The contact portion 37 is formed in a cylindrical shape having an inner diameter substantially the same as the inner diameter of the fitting portion 35 and each inner diameter of the inner tubular portion 23 of the joint body 11. The contact portion 37 is smaller than the inner diameter of the insertion portion 36 so that the protruding end portion 26 side of the inner tubular portion 23 can be sandwiched between the contact portion 37 and the one axial side portion of the insertion portion 36. Has an outer diameter.
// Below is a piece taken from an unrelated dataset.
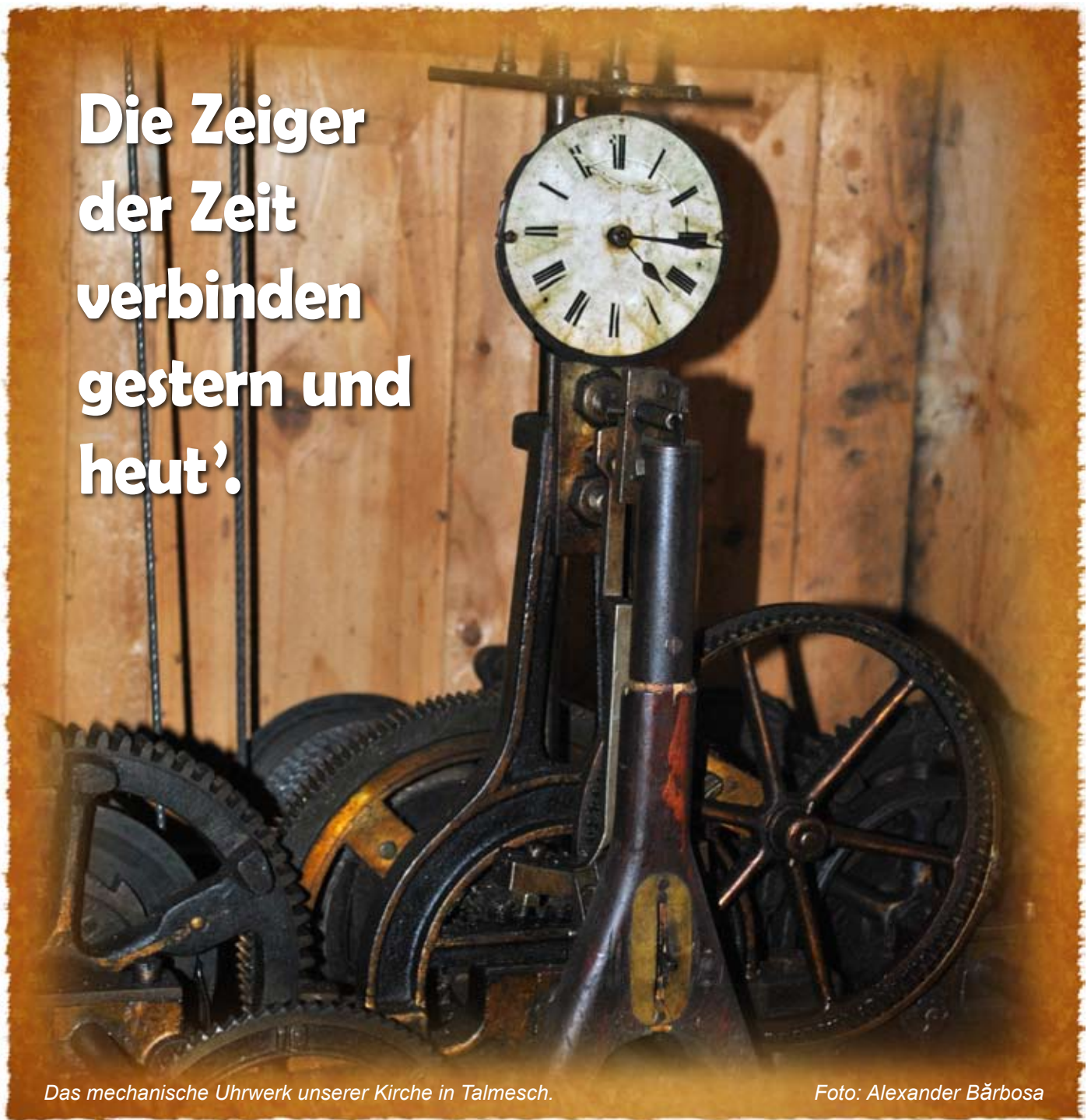
Das mechanische Uhrwerk unserer Kirche in Talmesch.

Die Zeiger der Zeit verbinden gestern und heut'.

When the insertion portion 36 is press-fitted into the groove portion 29, the contact portion 37 restricts the deformation movement of the inner cylinder portion 23 inward in the radial direction due to the press-fitting, and the inner cylinder portion 23. In order to form a second seal area 42 between the inner cylinder portion 23 and the inner cylinder portion 23, the inner cylinder portion 23 is pressed from one side in the axial direction. Here, the contact portion 37 is configured to come into contact with the inner cylindrical portion 23 over the entire circumference thereof.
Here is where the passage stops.